Sometimes—rarely over the years and then almost exclusively over the last few months—Mike’s dreams changed into very regular and specific nightmares. In those dreams he would be walking through a dark swampy hollow. The bushes and trees around him were on fire and there were people lying everywhere. Dead people, covered in blood, torn apart. In those dreams Mike always carried a samurai sword, a katana, in his hands, which was odd because in his adventure dreams Iron Mike Sweeney always used either a blaster or a big knight’s sword, never one of the slender Japanese blades, but in these new dreams it was always a katana, and its blade was always smeared with bright blood.
In these dreams the dead people were people Mike knew. Crow was there a lot, and he almost always wore a big tank on his back of the kind that exterminators or lawn-care guys wore, and the hose was clutched in Crow’s dead hand. The only part of him that wasn’t covered in blood was the front of his T-shirt, which showed the logo for band called Missing 84, which Mike had never heard of. Crow’s fiancée was usually alive, but she’d been beaten to her knees and was weeping over the body of her father, Henry Guthrie. There were other people: Dr. Weinstock from the hospital, sprawled with his throat torn out, and the chief of police sitting with his back propped against a tree and his legs spread, a piss stain spreading on his pants as he dribbled blood from his nose and mouth and ears. Others, too, like his mom. She wasn’t dead, but stood naked and covered in blood—and when he was awake Mike wondered how sick it was that he dreamed of his mother naked and tried to imagine how much of his life would be spent in therapy because of that image—and his mom was laughing as the forest burned and people died. There was a dark man standing next to her, also laughing, but he was hazy like an out-of-focus photograph and Mike could discern no details.

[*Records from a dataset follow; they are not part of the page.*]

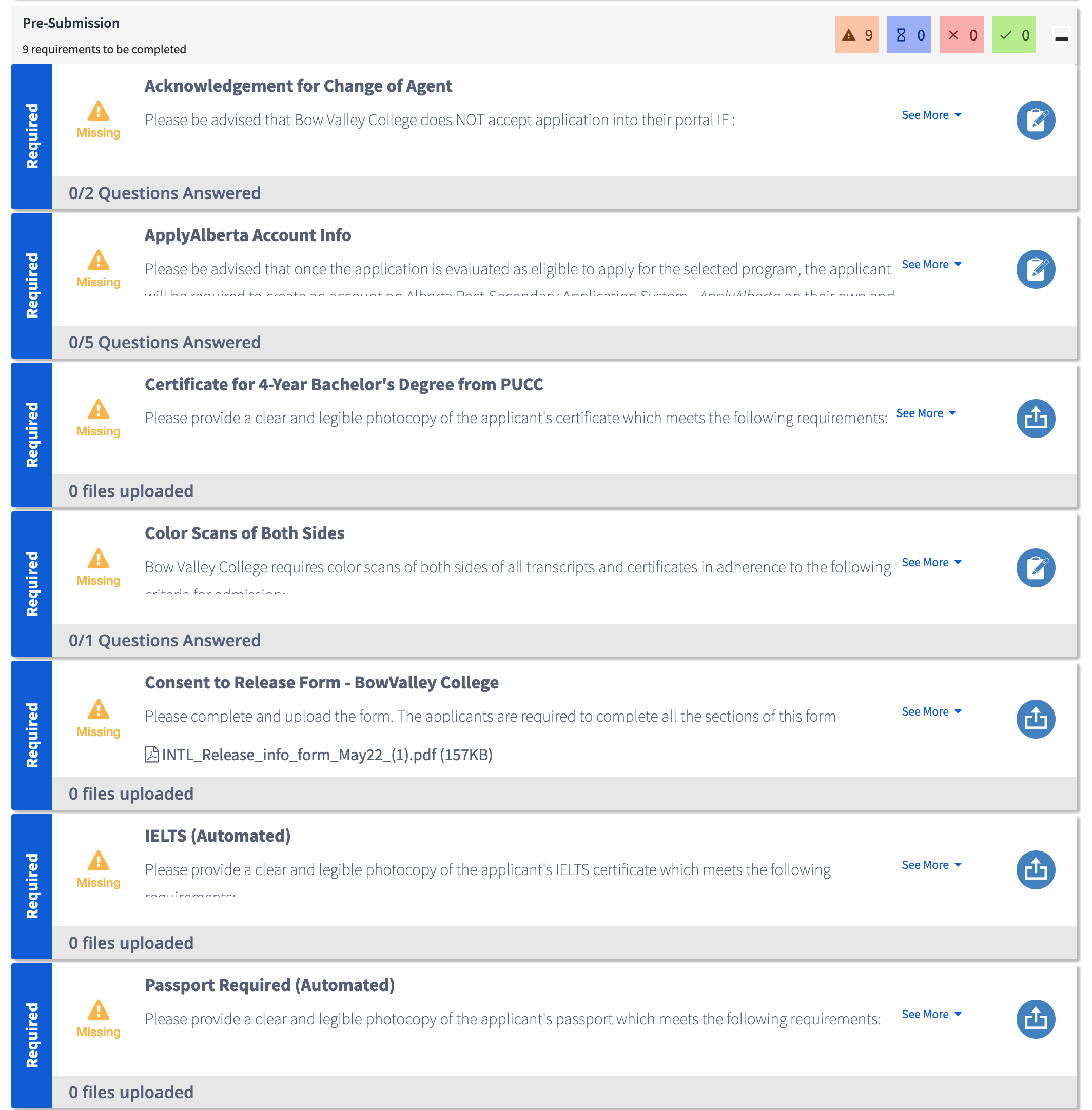 Esteja ciente de que cada curso e instituição de ensino no Canadá possui regras e requisitos específicos. Dessa forma, os itens neste campo podem variar de acordo com cada caso (porém muitos deles se repetem ou são bem parecidos).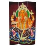 (14) Red Lantern 6 ft. Tall Double Sided Ganesh Canvas Room Divider 3 Panel Freestanding Partition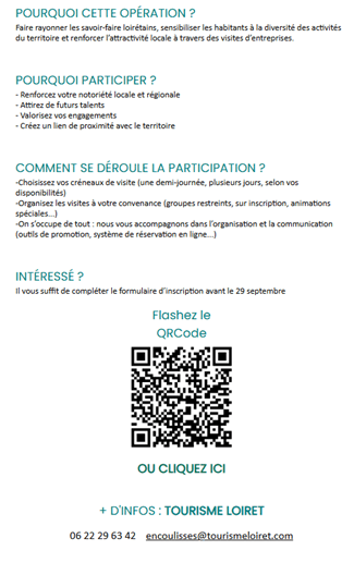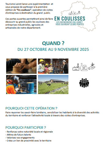 Tourisme Loiret lance la 1ʳᵉ édition d’« En coulisses », une opération de visites d’entreprises du 27 octobre au 9 novembre 2025.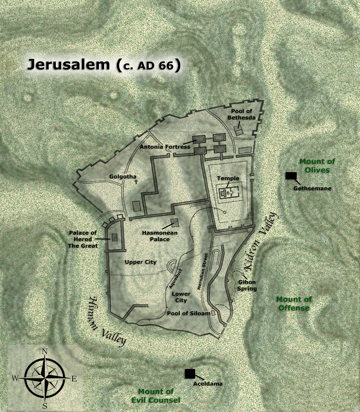The eastern valley of Kidron was also known as the "Valley of Jehoshapat." It separated the city from the Mount of Olives. The Tyropoeon Valley joined Kidron south of Mount Moriah and ran north between Zion and Moriah. The Hinnom Valley created the western and southern protection for the city. Its southern-most part was called "Gehenna," (or "Tophet"). This was a "place of fire" lamented by the prophet Jeremiah as the location wherein Moloch was worshiped with the abomination of human sacrifice, (Jeremiah 7:31). In New Testament times, Gehenna had become a huge, foul garbage heap of excrement with the carcasses of animals and the bones of unclaimed dead. Because of its history and foul nature, the term Gehenna became associated with divine punishment, or "hell."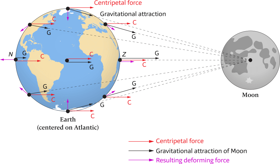 Met deze ingrediënten kunnen we het recept opstellen voor de werking van de getijden. Stel dat je een druppel water bent in het midden van de oceaan. Enerzijds versnel je samen met het middelpunt van de aarde, want samen met de rest van de aarde draai je rond het barycentrum. Anderzijds geldt de gravitatieweg van Newton op deze druppel, en bovendien stellen we vast dat de afstand tot de maan niet constant blijft. Wanneer de maan in het zenith (dichtste afstand tot de maan) staat ben je als druppel immers een aarddiameter dichter bij de maan dan wanneer je in het nadir staat (verst verwijderd van de maan). Enkel voor het zwaartpunt van de aarde zijn deze verschillende versnellingen identiek qua grootte en richting. Voor alle andere punten is er een licht verschil, en het is precies dat verschil dat de getijden veroorzaakt. In onderstaande figuur zie je hoe de paarse vectoren het verschil zijn van de versnelling (of kracht per massa) afkomstig van de gravitatie en de versnelling (of kracht per massa, ook wel centripetale kracht) afkomstig van de baan die de aarde beschrijft rond het barycentrum.

Last night Mike had been through that dream again, all of the familiar images of pain and loss and horror, all the way up to the point where a shadow passed over Mike and he turned to see what had cast it. He turned and looked up…and up and it stood there: impossibly huge, monstrous, towering above the flames, laughing in a voice that rumbled like thunder. A vast creature like something out of horror movies, with hairy goatlike legs, the muscular torso of a man, a whipping tail with a barbed point, and vast black wings. A mouth that was filled with teeth the size of daggers and horns that were splashed with gore. A monster Mike had seen on TV and in films and that he’d read about in books, but though this was the form of the devil in every aspect, Mike knew that even its shape and appearance were a lie. A special effect, or at least done for effect. Not that it made the creature any less terrifying. If anything, the deliberate choosing of this image—an aspect intended to be reviled and feared on a primal level—showed the subtlety and mockery of the beast. In these dreams the monster would spread its great arms as if to encompass the burning hollow, the forests, the town, and the world, and he would hiss “Mine!” just before reaching for Mike.
This is how his dreams had started last night, and then at the moment those massive hands were closing around him the dream changed as abruptly as if someone had clicked a TV remote and immediately Mike was on his bicycle out on A-32, pedaling fit to burst his heart, his breath burning in his throat, as behind him the Wrecker barreled down on him, its horn blaring like the howl of a hellhound and the spiked bars of its chrome grille breaking apart in the middle to form two rows of jagged metal fangs. That dream also played itself out, all the way to the point where the wheels of the trucks rolled over him from the toes upward, pulverizing his bones and pulping his flesh while worlds of fire exploded in every cell and his mind absorbed all of it without escape.